## Assigned task
Omit the images. Reproduce each line of the records exactly as it appears.

[Records from a data collection]
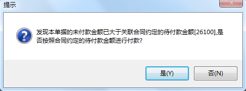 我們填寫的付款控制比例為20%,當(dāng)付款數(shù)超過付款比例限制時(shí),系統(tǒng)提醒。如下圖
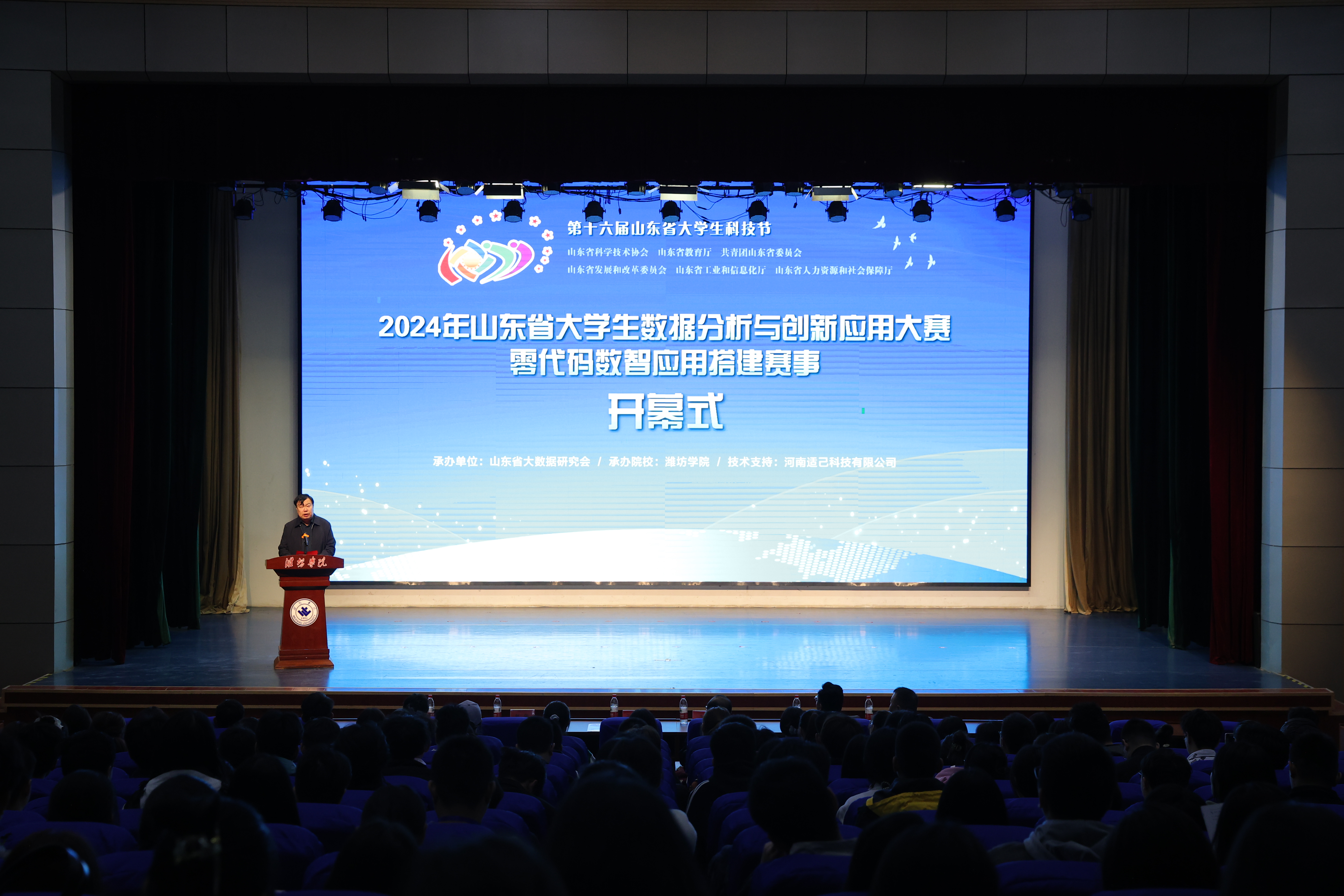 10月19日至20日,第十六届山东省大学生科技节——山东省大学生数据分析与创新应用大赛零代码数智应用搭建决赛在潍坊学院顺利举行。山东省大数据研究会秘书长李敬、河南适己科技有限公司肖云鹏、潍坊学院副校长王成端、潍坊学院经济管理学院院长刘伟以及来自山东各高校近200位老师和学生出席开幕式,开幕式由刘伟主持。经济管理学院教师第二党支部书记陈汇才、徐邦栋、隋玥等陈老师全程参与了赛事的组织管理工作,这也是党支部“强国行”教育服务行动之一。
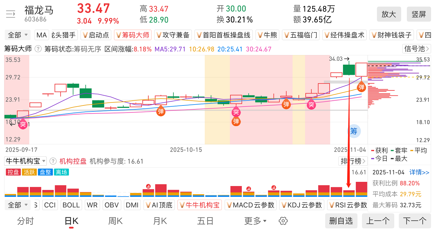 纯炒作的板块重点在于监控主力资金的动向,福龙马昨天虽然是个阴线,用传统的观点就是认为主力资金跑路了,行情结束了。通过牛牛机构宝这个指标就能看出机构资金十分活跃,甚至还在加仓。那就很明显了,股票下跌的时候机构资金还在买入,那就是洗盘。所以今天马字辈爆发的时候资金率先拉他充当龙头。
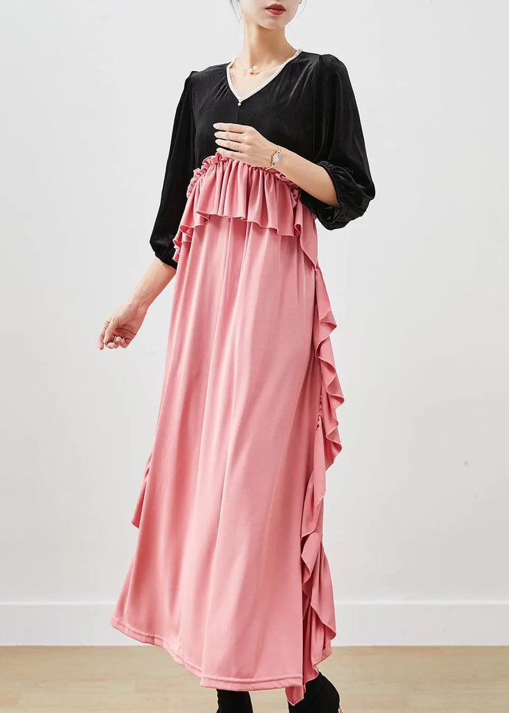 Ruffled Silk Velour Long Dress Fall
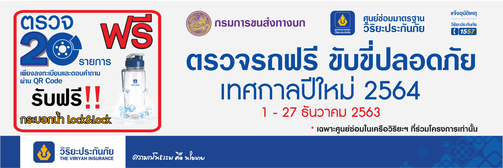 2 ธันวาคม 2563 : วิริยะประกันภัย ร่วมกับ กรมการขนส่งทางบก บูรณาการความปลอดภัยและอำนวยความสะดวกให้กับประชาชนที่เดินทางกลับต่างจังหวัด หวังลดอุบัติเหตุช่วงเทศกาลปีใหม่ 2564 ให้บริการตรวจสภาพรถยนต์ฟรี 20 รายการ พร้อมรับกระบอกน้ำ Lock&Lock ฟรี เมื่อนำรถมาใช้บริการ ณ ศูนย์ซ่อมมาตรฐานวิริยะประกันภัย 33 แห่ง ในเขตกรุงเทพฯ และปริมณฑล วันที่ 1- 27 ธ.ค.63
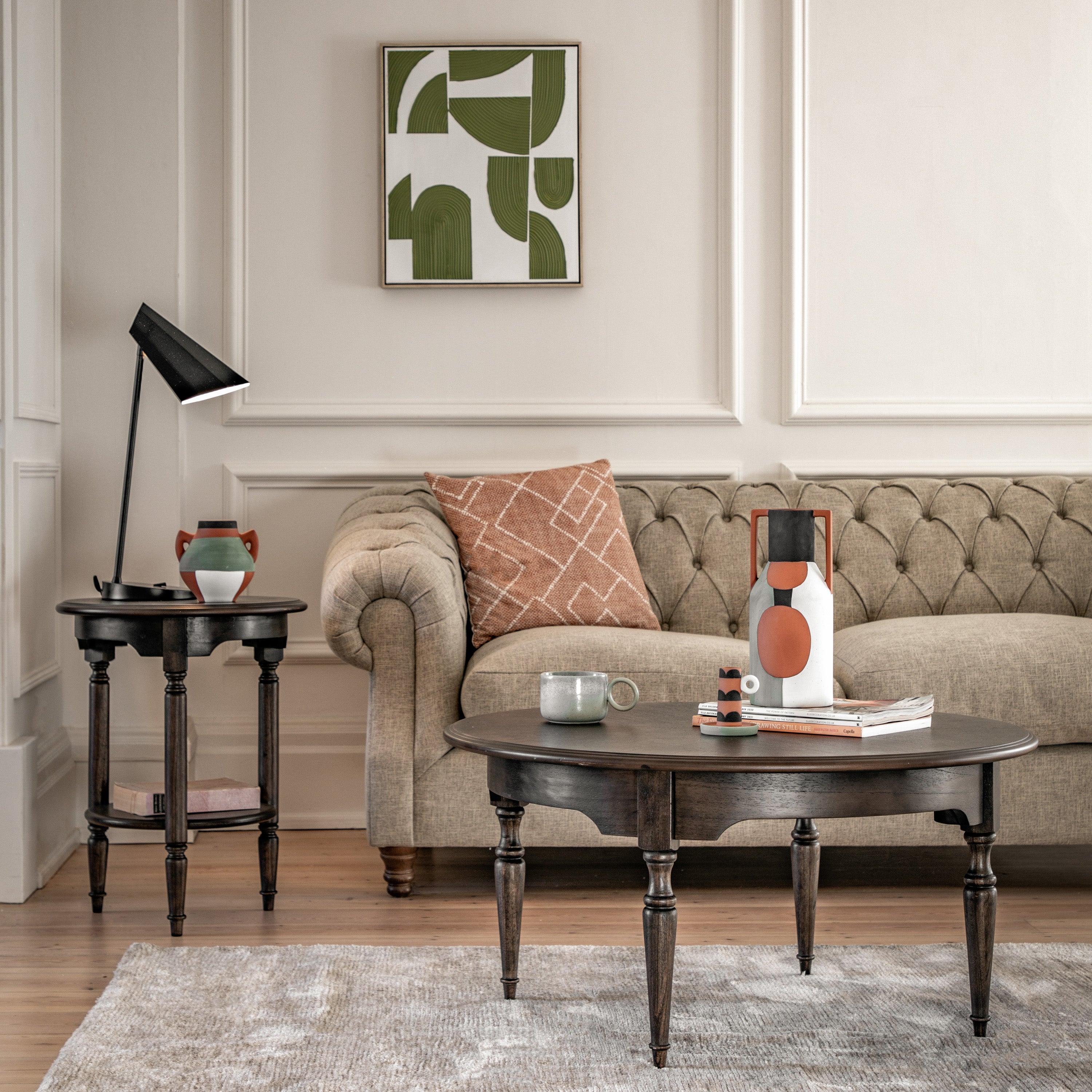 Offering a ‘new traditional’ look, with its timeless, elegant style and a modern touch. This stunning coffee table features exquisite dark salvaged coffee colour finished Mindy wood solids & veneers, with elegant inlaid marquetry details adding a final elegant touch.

## Result for this task
 我們填寫的付款控制比例為20%,當(dāng)付款數(shù)超過付款比例限制時(shí),系統(tǒng)提醒。如下圖
 10月19日至20日,第十六届山东省大学生科技节——山东省大学生数据分析与创新应用大赛零代码数智应用搭建决赛在潍坊学院顺利举行。山东省大数据研究会秘书长李敬、河南适己科技有限公司肖云鹏、潍坊学院副校长王成端、潍坊学院经济管理学院院长刘伟以及来自山东各高校近200位老师和学生出席开幕式,开幕式由刘伟主持。经济管理学院教师第二党支部书记陈汇才、徐邦栋、隋玥等陈老师全程参与了赛事的组织管理工作,这也是党支部“强国行”教育服务行动之一。
 纯炒作的板块重点在于监控主力资金的动向,福龙马昨天虽然是个阴线,用传统的观点就是认为主力资金跑路了,行情结束了。通过牛牛机构宝这个指标就能看出机构资金十分活跃,甚至还在加仓。那就很明显了,股票下跌的时候机构资金还在买入,那就是洗盘。所以今天马字辈爆发的时候资金率先拉他充当龙头。
 Ruffled Silk Velour Long Dress Fall
 2 ธันวาคม 2563 : วิริยะประกันภัย ร่วมกับ กรมการขนส่งทางบก บูรณาการความปลอดภัยและอำนวยความสะดวกให้กับประชาชนที่เดินทางกลับต่างจังหวัด หวังลดอุบัติเหตุช่วงเทศกาลปีใหม่ 2564 ให้บริการตรวจสภาพรถยนต์ฟรี 20 รายการ พร้อมรับกระบอกน้ำ Lock&Lock ฟรี เมื่อนำรถมาใช้บริการ ณ ศูนย์ซ่อมมาตรฐานวิริยะประกันภัย 33 แห่ง ในเขตกรุงเทพฯ และปริมณฑล วันที่ 1- 27 ธ.ค.63
 Offering a ‘new traditional’ look, with its timeless, elegant style and a modern touch. This stunning coffee table features exquisite dark salvaged coffee colour finished Mindy wood solids & veneers, with elegant inlaid marquetry details adding a final elegant touch.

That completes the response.